Problem 5

https://sirupsen.com/napkin/problem-5

Attempt

q1

What is the performance of the query in the worst-case, where we load only one product per page?

Ref:

random SSD: 100 us per 8KB
sequential SSD: 1 us per 8KB
total 101 ~ 100 us

For 100 pages:

100 * 100 us = 10 ms
100 * 1 us = 100 us
total: 10.1 ms

q2

(2) What is the worst-case performance of the query when the pages are all in memory cache (typically that would happen after (1))?

random access:
- 50 ns
- 100 pages * 50 ns = 5 us
- technically ignoring additional cache line loads, but I’m assuming the prefetcher kicks in
sequential scan:
- 1 MB / 100 us
- 100 pages * 16 * 10^3 bytes / page = 1.6 MB
- 1.6 10^6 bytes * 100 us / 10^6 bytes = 160 us

Total: 165 us

We would also need to add this time to the answer in q1. But the disk read is so much slower, we can basically ignore the in-memory scan.

q3

If we changed the primary key to be (shop_id, id), what would the performance be when (3a) going to disk, and (3b) hitting cache?

The overall disk and memory load and scan times would be the same.
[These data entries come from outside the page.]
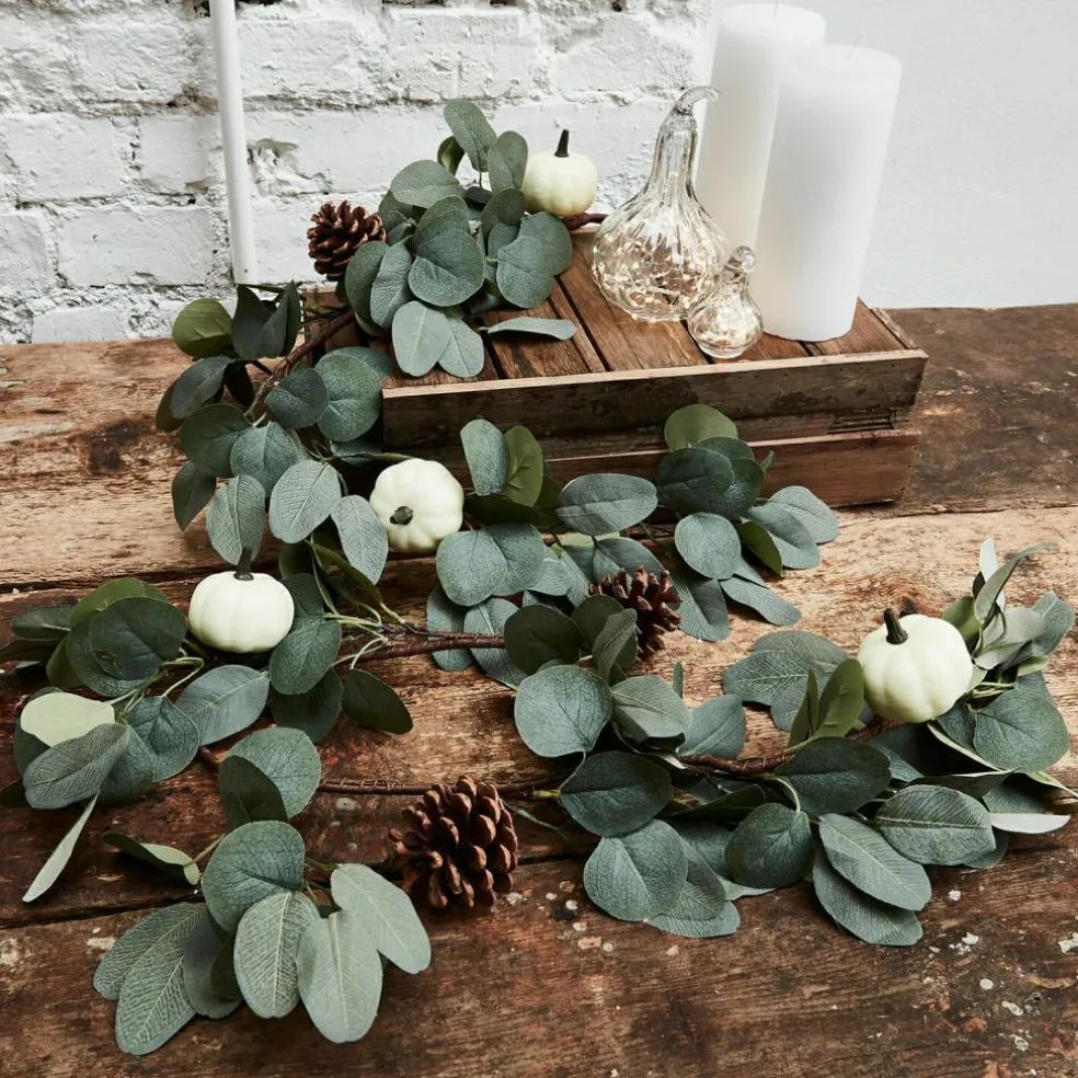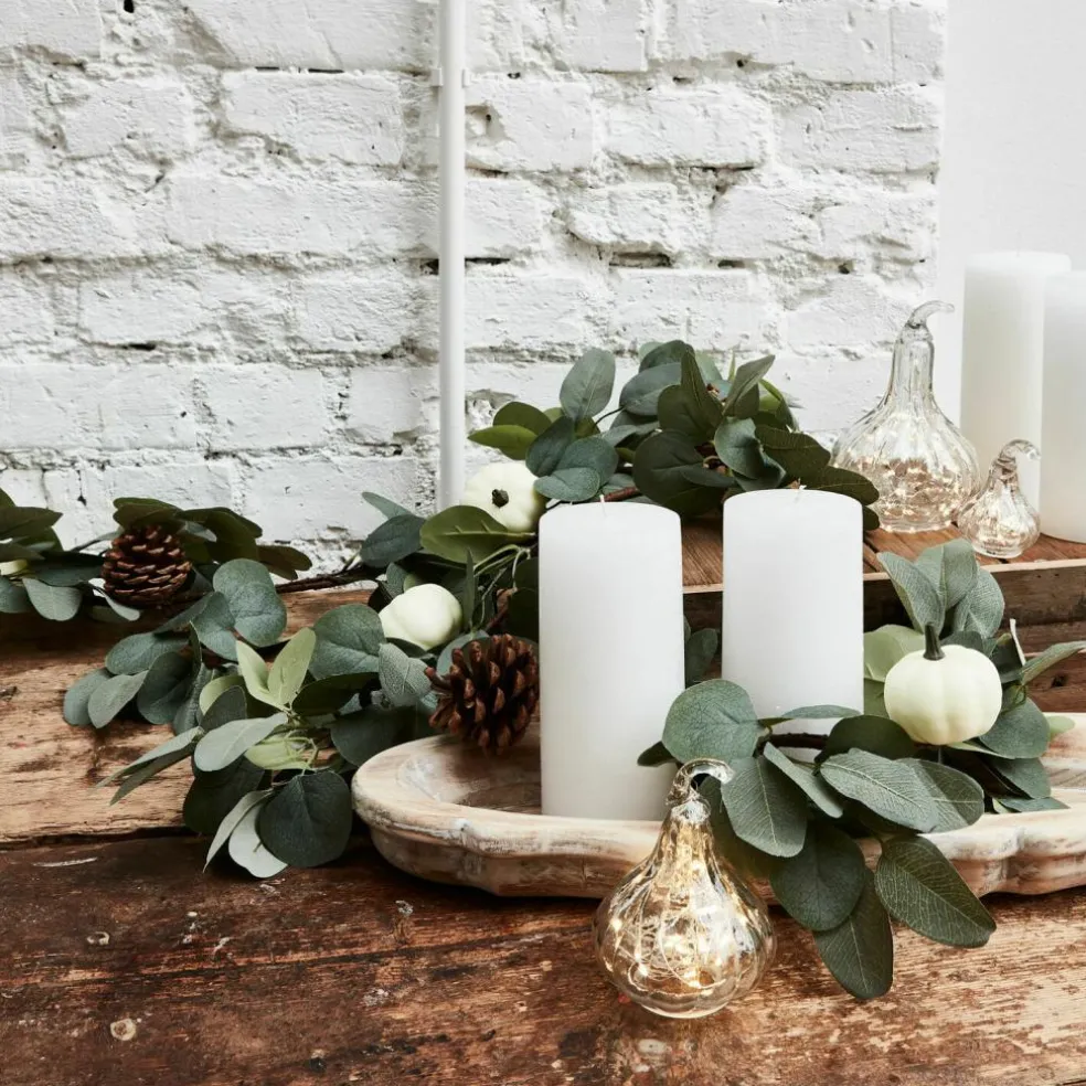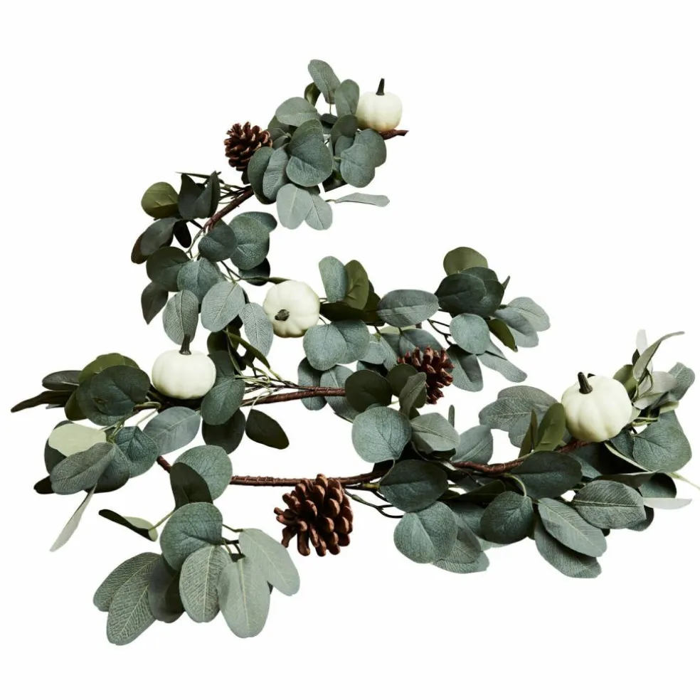 Fangen Sie die Schönheit des Herbstes ein und lassen Sie dem Kürbis als das Herbst-Symbol überhaupt den großen Auftritt. Bei dieser reizenden Girlande ist er in Form hübscher, kleiner Deko-Kürbisse vertreten. Dazu gesellen sich echte Tannenzapfen und weiche Deko-Blätter. Die großzügige Girlande lässt sich wunderbar um eine Kaminkonsole, am Fenster oder auch um den Türrahmen drapieren – hier können Sie völlig kreativ werden. Zum Beispiel zum Landhaus-Stil gelingt hiermit ein sehr harmonischer Effekt, der jedes Ambiente verschönert. Die niemals welkende Girlande können Sie jahrelang immer wieder verwenden, ohne dass sie an Frische verliert. Sie ist immer eine Freude.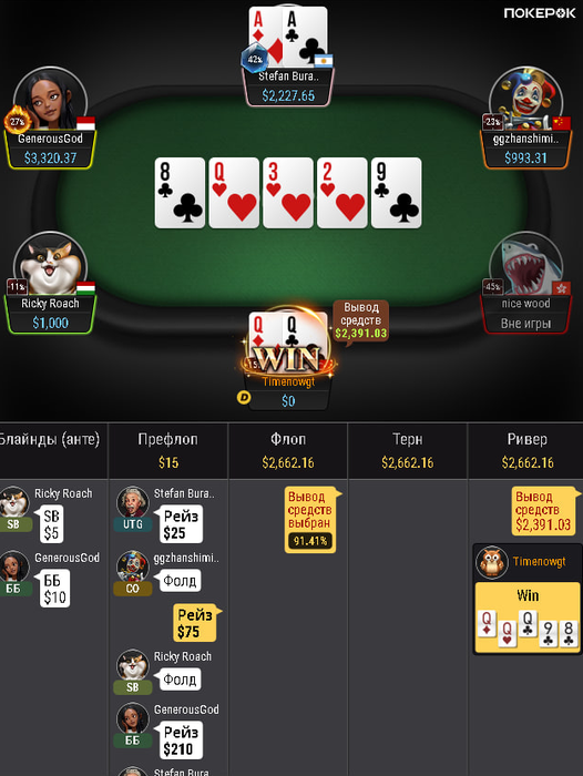 Stefan11222, получается лимиты до 5ка можно пройти собирая пасьянс или это слишком сильное упрощение ? Как против тебя подстраиваются оппоненты на 1ка в среднем,они закрываются в тайт сторону или наоборот пытаются агро жопой надавить на кактус?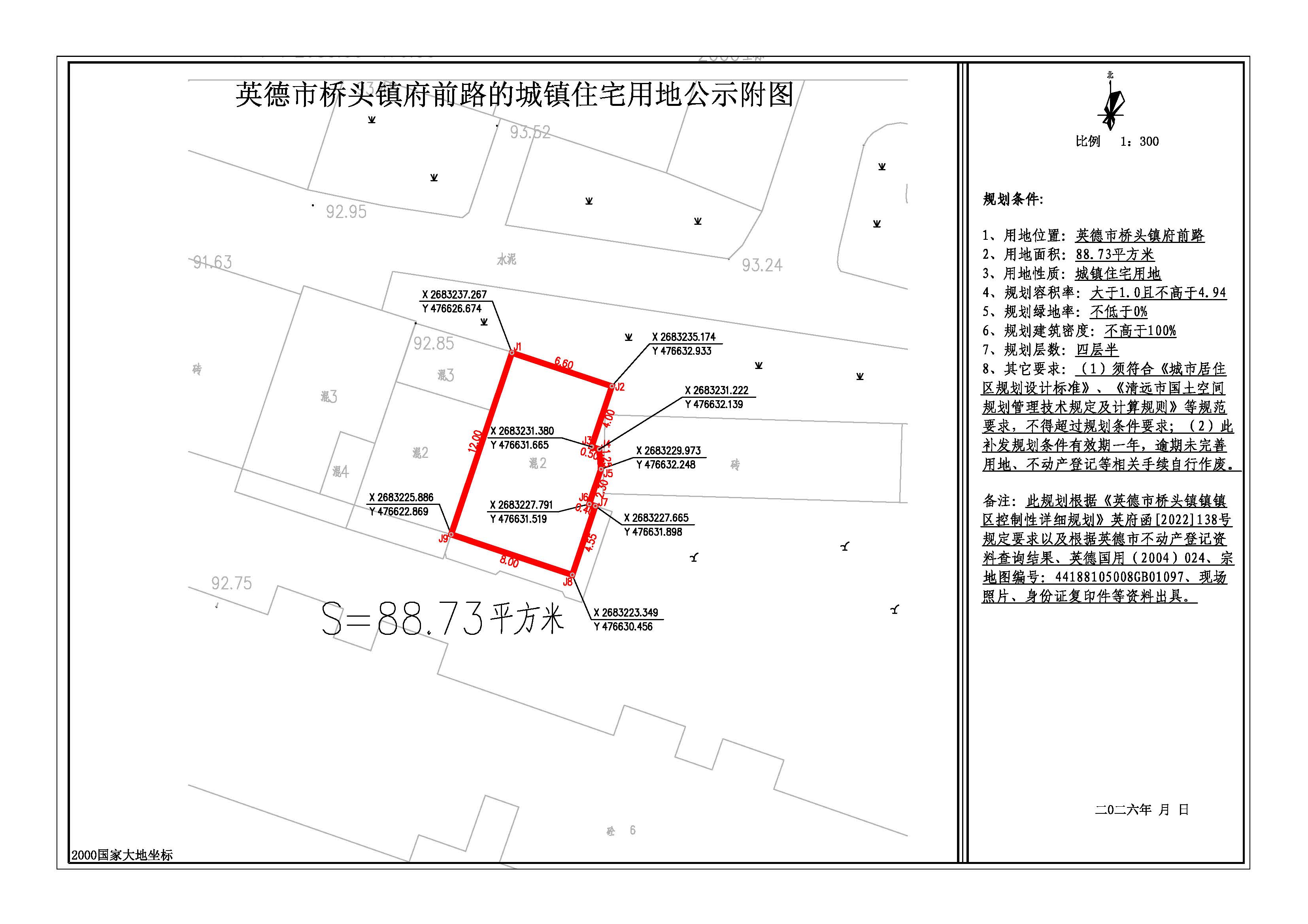 关于出具英德市桥头镇府前路88.73平方米城镇住宅用地规划条件的批前网上公示

What changes is how many pages we need to read.

We are given that we have an index of the form (shop_id, id), so the individual pages will be sorted by shop_id first, then by id:

shop_id | id
1       | 1
1       | 2
1       | 4
2       | 1
2       | 10
2       | 13

Likewise, the B+ tree index will quickly give us the first page containing shop_id = 13. And in B+ trees, leaf nodes are linked together, so we can iterate through the page entries, and then go on to the next pages until we find 100 records.

q3a

Random 8KB SSD:

13 * 100 us = 1.3 ms

q3b

random access:

13 * 50 ns = 650 ns = 0.65 us

sequential scan:

1 MB / 100 us
13 pages * 16 * 10^3 bytes / page = 208 KB
208 * 10^3 bytes * 100 * 10^-6 seconds / 10^6 bytes = 20.8 us

Solution

https://sirupsen.com/napkin/problem-6

Their sequential scan estimate is:

16 * 10^3 bytes / 64 bytes * 5 ns = 1.25 us

We said:

16 * 10^3 bytes / 10^6 bytes * 100 us = 1.6 us

Which was a little slower, but in the right ballpark. I like my estimate, only because 1 MB / 100 us is easy to remember.

Lastly, they make a reasonable estimate that the each record is 128 bytes:

1 record / 128 bytes * 16 * 10^3 bytes / page = 125 records / page

So I’m glad I estimated that and thought that through!